#### What you will do:
Your answer should be the exact lines of the data below from the one containing "PK 19500T-EH B" through the one containing "圖為老字號王致和非遺文化進(jìn)社區"; please include nothing else.

#### Data shown:
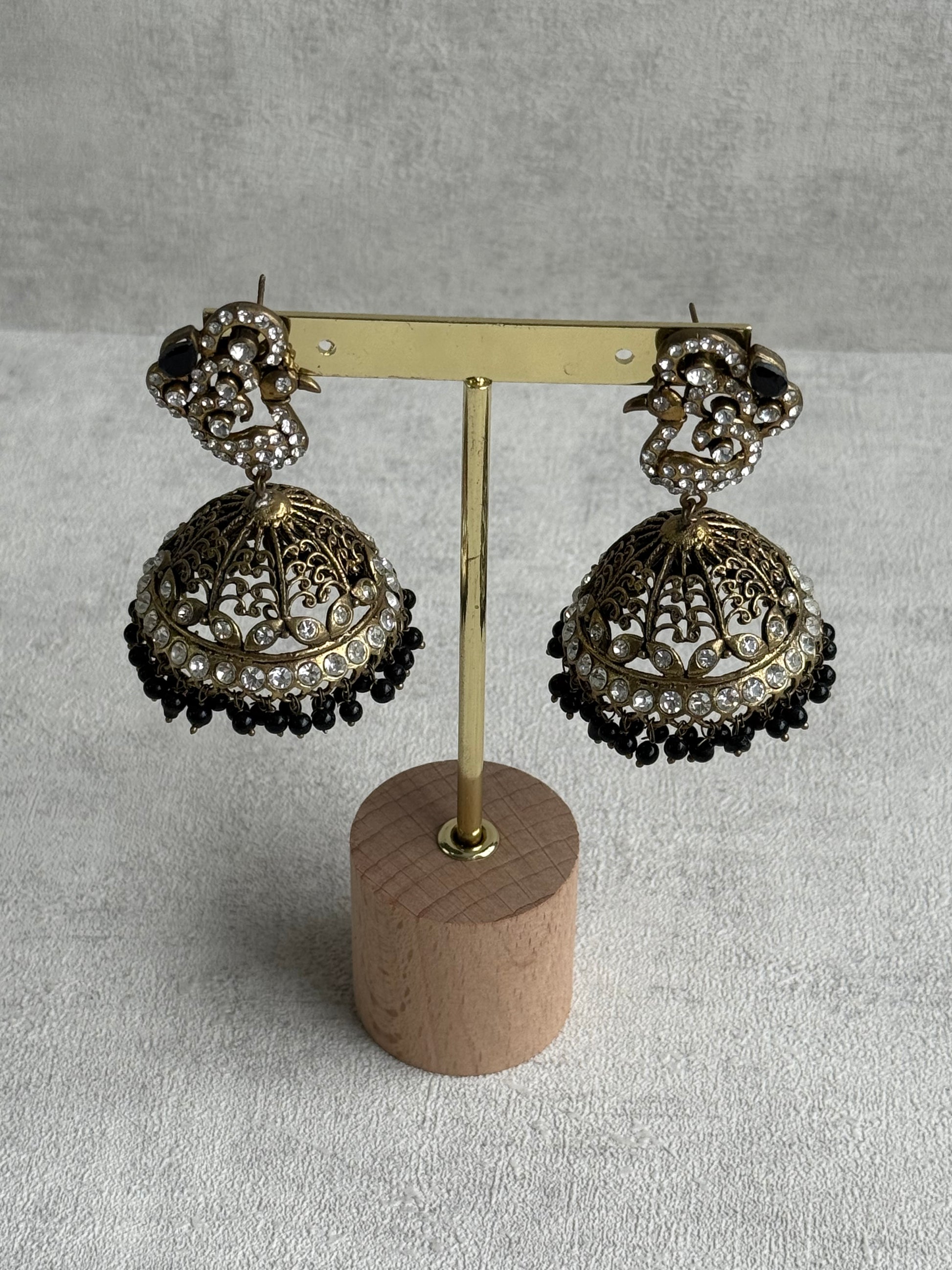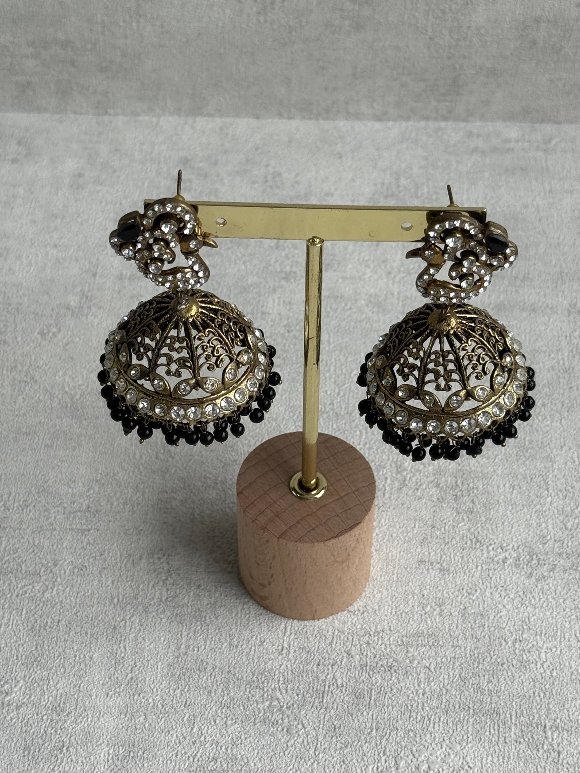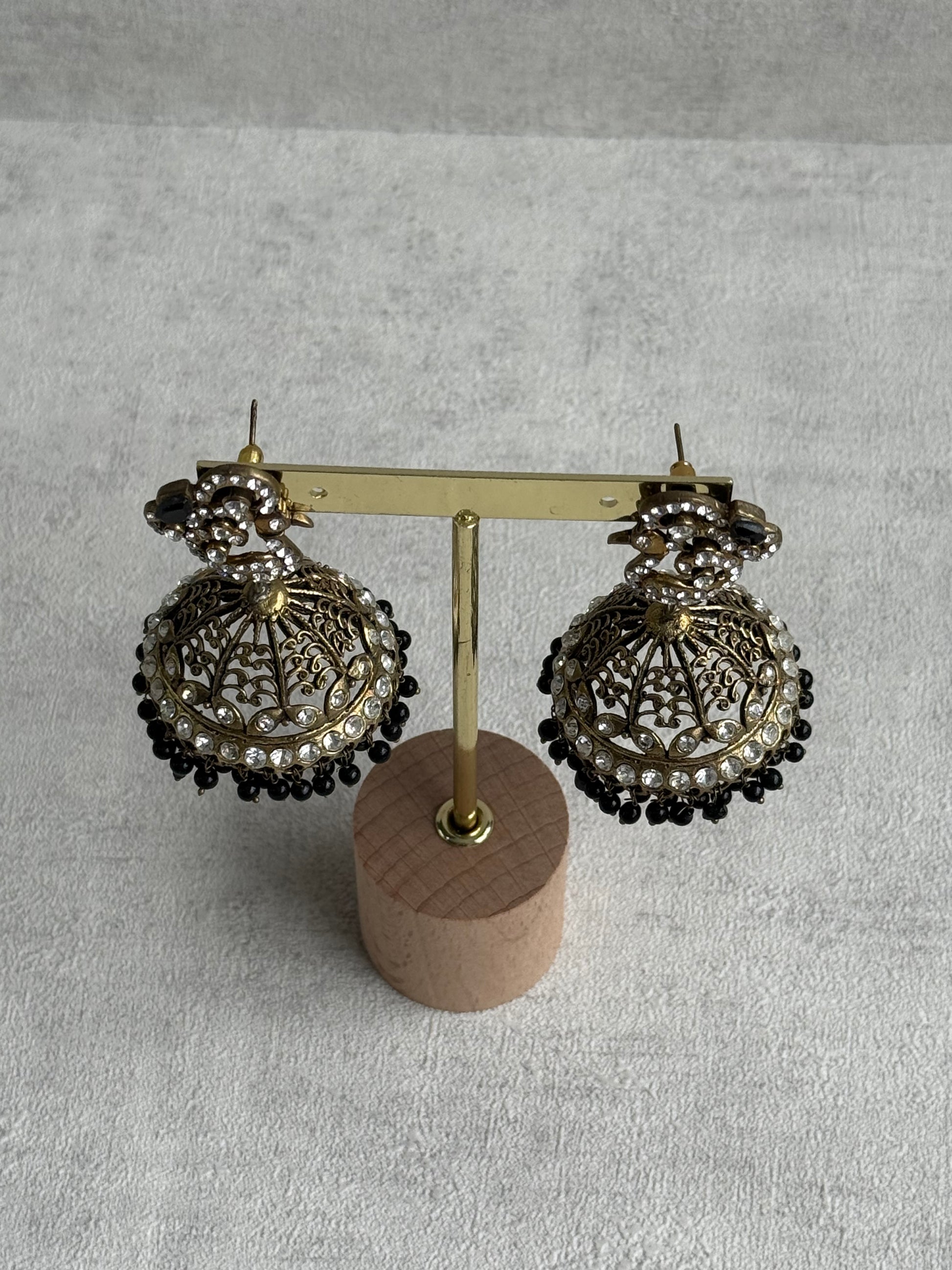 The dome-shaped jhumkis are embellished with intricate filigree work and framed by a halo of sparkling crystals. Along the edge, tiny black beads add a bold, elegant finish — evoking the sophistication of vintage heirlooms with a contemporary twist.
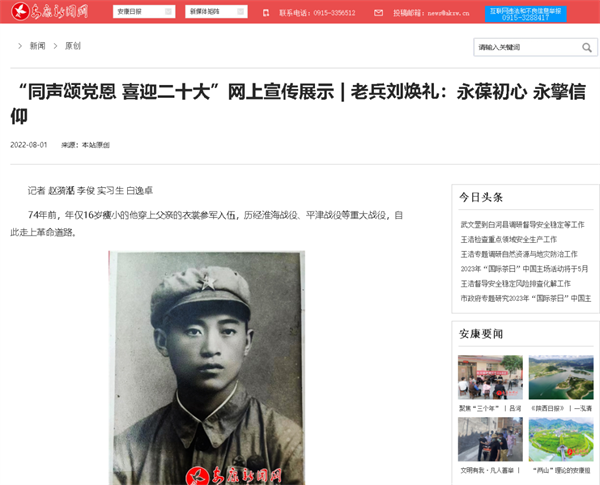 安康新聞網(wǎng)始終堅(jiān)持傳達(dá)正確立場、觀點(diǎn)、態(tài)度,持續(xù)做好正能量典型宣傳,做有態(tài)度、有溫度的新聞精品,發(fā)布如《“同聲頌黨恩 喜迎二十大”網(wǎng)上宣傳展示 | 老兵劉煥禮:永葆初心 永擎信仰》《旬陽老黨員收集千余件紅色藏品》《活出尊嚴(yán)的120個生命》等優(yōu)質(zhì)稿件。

---

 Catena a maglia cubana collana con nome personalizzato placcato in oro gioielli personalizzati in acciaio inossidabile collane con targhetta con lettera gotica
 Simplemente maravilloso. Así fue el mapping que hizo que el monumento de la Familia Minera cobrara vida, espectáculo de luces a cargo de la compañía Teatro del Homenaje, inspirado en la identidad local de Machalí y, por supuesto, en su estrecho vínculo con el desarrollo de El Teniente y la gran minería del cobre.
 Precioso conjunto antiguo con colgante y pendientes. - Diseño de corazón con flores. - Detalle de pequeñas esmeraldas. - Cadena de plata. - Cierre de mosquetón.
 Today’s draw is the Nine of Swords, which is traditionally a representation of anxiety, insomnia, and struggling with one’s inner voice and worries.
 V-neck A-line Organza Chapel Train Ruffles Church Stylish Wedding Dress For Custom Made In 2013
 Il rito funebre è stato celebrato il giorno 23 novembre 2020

--

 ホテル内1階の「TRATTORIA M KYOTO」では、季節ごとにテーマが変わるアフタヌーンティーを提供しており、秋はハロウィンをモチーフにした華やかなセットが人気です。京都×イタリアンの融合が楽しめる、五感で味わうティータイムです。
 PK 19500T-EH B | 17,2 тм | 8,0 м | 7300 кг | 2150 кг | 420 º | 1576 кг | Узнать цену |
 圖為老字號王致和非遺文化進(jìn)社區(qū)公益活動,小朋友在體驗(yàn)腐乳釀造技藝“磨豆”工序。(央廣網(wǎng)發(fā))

#### Exercise response:
 PK 19500T-EH B | 17,2 тм | 8,0 м | 7300 кг | 2150 кг | 420 º | 1576 кг | Узнать цену |
 圖為老字號王致和非遺文化進(jìn)社區(qū)公益活動,小朋友在體驗(yàn)腐乳釀造技藝“磨豆”工序。(央廣網(wǎng)發(fā))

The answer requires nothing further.